Wash and soak the val dal for 6-8 hours. Then cook it in a pressure cooker (three whistles) until if soft but firm. Drain the excess water and set aside.
Add the ingredients listed under "to make the dough" to a bowl or stand mixer. Sprinkle water and knead to smooth dough. Set aside for 15 minutes and then divide it into 12 equal portions.
When the dough is resting, add all the veggies and the cooked val dal to a food processor. Process for 2 minutes to make a coarse stuffing mixture.
Heat oil in. a pan, add cumin followed by asafetida. Then add the coarse veggie mixture, followed by salt, turmeric, Kashmiri chili powder, garam masala, flaxseed powder and scramble to a non sticky mixture. Set aside to cool.

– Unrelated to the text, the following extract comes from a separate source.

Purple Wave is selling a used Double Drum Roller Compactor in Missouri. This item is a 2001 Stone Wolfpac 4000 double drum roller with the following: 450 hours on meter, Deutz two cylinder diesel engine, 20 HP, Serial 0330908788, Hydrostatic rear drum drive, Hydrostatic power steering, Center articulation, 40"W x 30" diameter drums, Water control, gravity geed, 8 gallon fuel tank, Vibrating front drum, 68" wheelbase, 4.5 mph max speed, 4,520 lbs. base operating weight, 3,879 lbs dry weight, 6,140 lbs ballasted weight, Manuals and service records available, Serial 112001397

Add the grated paneer and cilantro, combione well and divide it into 12 equal portions.
Take a portion of the dough and roll into a 4.5 to 5-in disc. Place a portion of the val dal veggie mixture and gather the ends to seal. Roll into a ball.. Repeat with the remaining portions.

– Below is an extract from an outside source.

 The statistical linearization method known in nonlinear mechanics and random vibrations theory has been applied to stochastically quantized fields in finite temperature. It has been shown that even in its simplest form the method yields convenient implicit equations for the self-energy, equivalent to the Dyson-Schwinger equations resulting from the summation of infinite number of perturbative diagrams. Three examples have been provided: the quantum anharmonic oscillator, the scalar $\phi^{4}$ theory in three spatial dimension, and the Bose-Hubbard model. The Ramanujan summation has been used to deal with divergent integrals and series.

Take a portion of the foilled dough. Slightly flatten it and roll into a 8-in disc dusting with flour as necessary. Repeat with all the dough portions.
Heat a cast iron pan. Place a rolled paratha and cook for a minute. flip and brush with ghee, cook for 30 seconds. Flip and brush with ghee. Cook for 20 seconds. Remove from the flame. Repeat with the remaining parathas.
Serve warm or at room temperature with pickle and/or yogurt.